Edward breathed deep, then exhaled, rousing. “No, no, not like that, we’re friends,” said Edward. “I took the train, then the bus, a slow bus up to Gloucester. Close friends, you’d say. It was the weekend and now a day. No more than friends. A weekend was the plan, and now another day.”
“All that way?” Mr. Terrence stood, shedding his coat, folding it on an arm, laying it on a pile. “No love in return for all that traveling?” he said, returning, sitting, unwinding his scarf pieced from many, stitched together to a fantastic length.

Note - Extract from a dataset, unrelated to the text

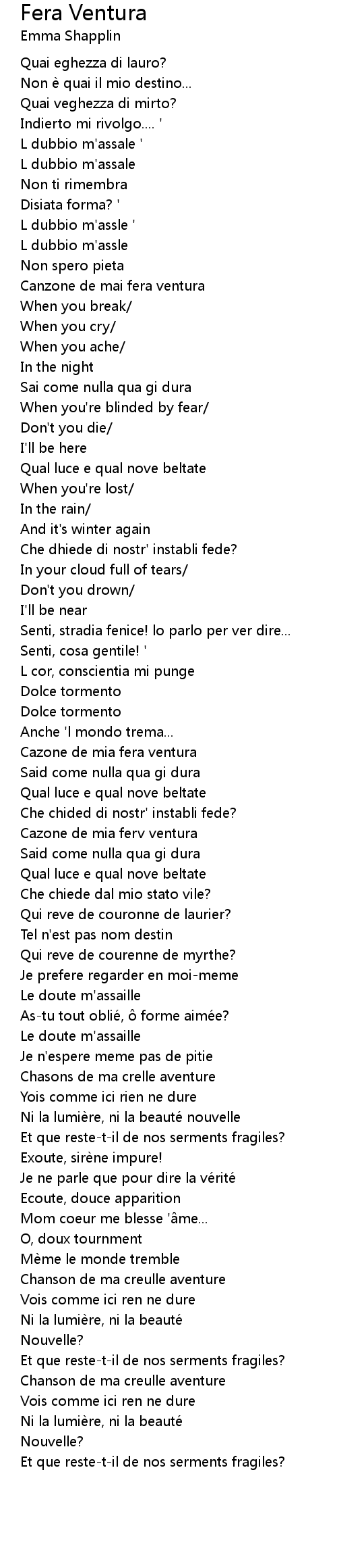 | Canzone de mai fera ventura | |

“No, no, though we could. I suppose we might have, but no, you see, Deborah, she paints, she writes. We walked along the shoreline. She read me her writing. We might have, but no. No, no, though we could.”
“Maybe Deborah ain’t Edward’s type? While Deborah, I bet, she likes what she sees, a lovely young man. I suspect Deborah, she wants some, she wants this young Edward, but maybe girls ain’t his type.”
“Oh no, I like her. Deborah is— well, anyway.”
“Maybe this Edward, he prefers the love of men.”
“We could of, but then, you know, the bus was expensive, and then I missed it, the one back to Boston. I thumbed back from Gloucester, got a ride into town, then walked, then ran, ran for quite a ways. I ran for the last one, the last train tonight, the last train for last night. Then I missed that one too.”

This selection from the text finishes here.